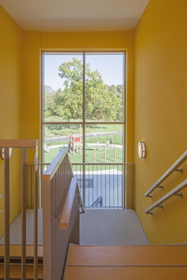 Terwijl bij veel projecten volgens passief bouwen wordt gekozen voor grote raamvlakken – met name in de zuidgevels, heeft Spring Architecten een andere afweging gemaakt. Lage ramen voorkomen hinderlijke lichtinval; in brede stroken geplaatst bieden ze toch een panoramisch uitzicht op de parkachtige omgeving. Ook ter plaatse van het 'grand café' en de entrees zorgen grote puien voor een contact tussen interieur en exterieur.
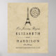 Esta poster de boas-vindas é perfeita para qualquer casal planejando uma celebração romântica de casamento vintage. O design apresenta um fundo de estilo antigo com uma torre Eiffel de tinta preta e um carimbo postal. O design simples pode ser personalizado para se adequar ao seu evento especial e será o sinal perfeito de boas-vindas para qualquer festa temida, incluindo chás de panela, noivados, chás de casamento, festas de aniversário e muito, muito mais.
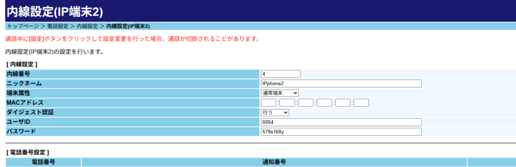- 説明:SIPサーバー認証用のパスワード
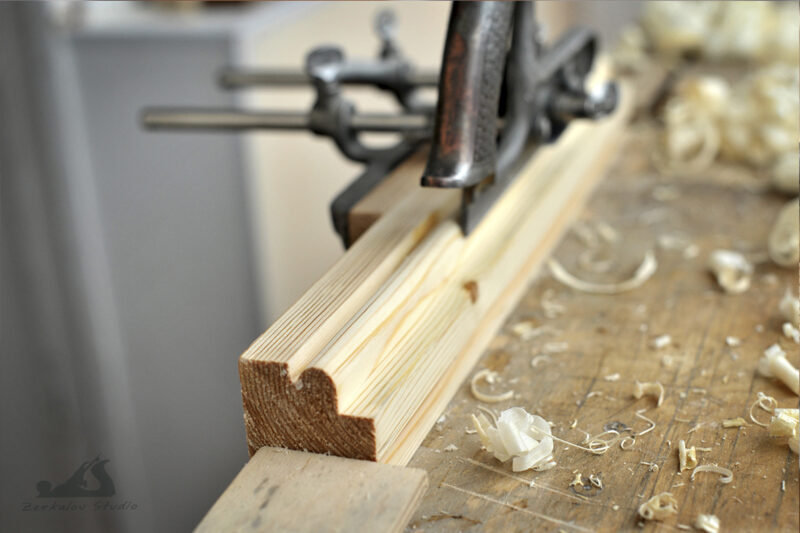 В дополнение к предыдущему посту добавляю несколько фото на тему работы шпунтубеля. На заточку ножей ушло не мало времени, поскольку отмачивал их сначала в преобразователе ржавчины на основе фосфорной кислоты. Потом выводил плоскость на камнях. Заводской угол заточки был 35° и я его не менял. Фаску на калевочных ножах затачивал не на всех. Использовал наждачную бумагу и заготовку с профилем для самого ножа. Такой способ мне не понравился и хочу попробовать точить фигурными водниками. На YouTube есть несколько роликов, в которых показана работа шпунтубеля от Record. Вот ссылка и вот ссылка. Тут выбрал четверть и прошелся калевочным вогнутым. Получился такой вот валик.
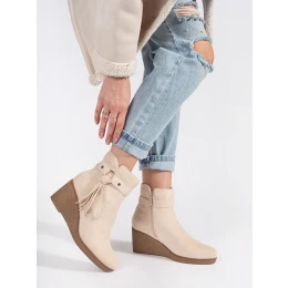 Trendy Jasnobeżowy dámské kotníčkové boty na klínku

++++++++++++++++++++

_PROBLEM DESCRIPTION_:
From the line containing "Esta poster de" to the last line of the records above, return each line exactly, both ends included, and nothing more. Leave out the pictures.

_EXPECTED OUTPUT_:
 Esta poster de boas-vindas é perfeita para qualquer casal planejando uma celebração romântica de casamento vintage. O design apresenta um fundo de estilo antigo com uma torre Eiffel de tinta preta e um carimbo postal. O design simples pode ser personalizado para se adequar ao seu evento especial e será o sinal perfeito de boas-vindas para qualquer festa temida, incluindo chás de panela, noivados, chás de casamento, festas de aniversário e muito, muito mais.
- 説明:SIPサーバー認証用のパスワード
 В дополнение к предыдущему посту добавляю несколько фото на тему работы шпунтубеля. На заточку ножей ушло не мало времени, поскольку отмачивал их сначала в преобразователе ржавчины на основе фосфорной кислоты. Потом выводил плоскость на камнях. Заводской угол заточки был 35° и я его не менял. Фаску на калевочных ножах затачивал не на всех. Использовал наждачную бумагу и заготовку с профилем для самого ножа. Такой способ мне не понравился и хочу попробовать точить фигурными водниками. На YouTube есть несколько роликов, в которых показана работа шпунтубеля от Record. Вот ссылка и вот ссылка. Тут выбрал четверть и прошелся калевочным вогнутым. Получился такой вот валик.
 Trendy Jasnobeżowy dámské kotníčkové boty na klínku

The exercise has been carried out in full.